▸ **WHAT IS EXPECTED**
Word for word, write the lines below out again, with no pictures.

-- GIVEN MATERIAL follows --

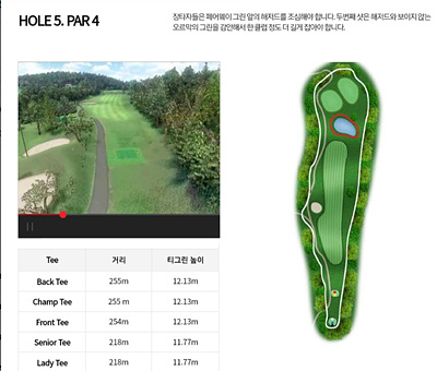 5번 홀은 254m의 파 4홀로 오르막입니다. 장타자들은 페어웨이와 그린 사이의 해저드를 고려한 티샷이 요구됩니다. 세컨드 샷은 그린이 보이지 않는 오르막으로 클럽을 길게 잡아야 좋은 점수를 낼 수 있어요.
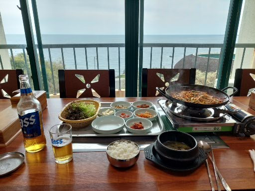 그래 아침부터 부지런히 걸은 나를 위해 먹고 싶었던 두루치기와 맥주를 시켜 먹으니 맛도 좋거니와 늦게 먹는 식사의 행복감이 밀려오는데, 앞을 보니 바다 전망도 좋은 곳이었다. (ㅋㅋ오전 내내 바다를 보며 걸었는데~ )
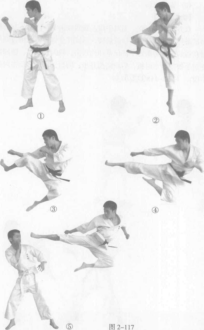 实战姿势站立。右脚向前上一步,身体直接向上跳起,在 空中借助身体前冲的惯性,右腿屈膝抬起;同时,右腿快速向 攻击目标踢出,以足刀或足跟踢击目标,目视攻击目标。(图 2-117①(2延④⑤)

-- GIVEN MATERIAL concluded --

▸ **ANSWER BOX**
 5번 홀은 254m의 파 4홀로 오르막입니다. 장타자들은 페어웨이와 그린 사이의 해저드를 고려한 티샷이 요구됩니다. 세컨드 샷은 그린이 보이지 않는 오르막으로 클럽을 길게 잡아야 좋은 점수를 낼 수 있어요.
 그래 아침부터 부지런히 걸은 나를 위해 먹고 싶었던 두루치기와 맥주를 시켜 먹으니 맛도 좋거니와 늦게 먹는 식사의 행복감이 밀려오는데, 앞을 보니 바다 전망도 좋은 곳이었다. (ㅋㅋ오전 내내 바다를 보며 걸었는데~ )
 实战姿势站立。右脚向前上一步,身体直接向上跳起,在 空中借助身体前冲的惯性,右腿屈膝抬起;同时,右腿快速向 攻击目标踢出,以足刀或足跟踢击目标,目视攻击目标。(图 2-117①(2延④⑤)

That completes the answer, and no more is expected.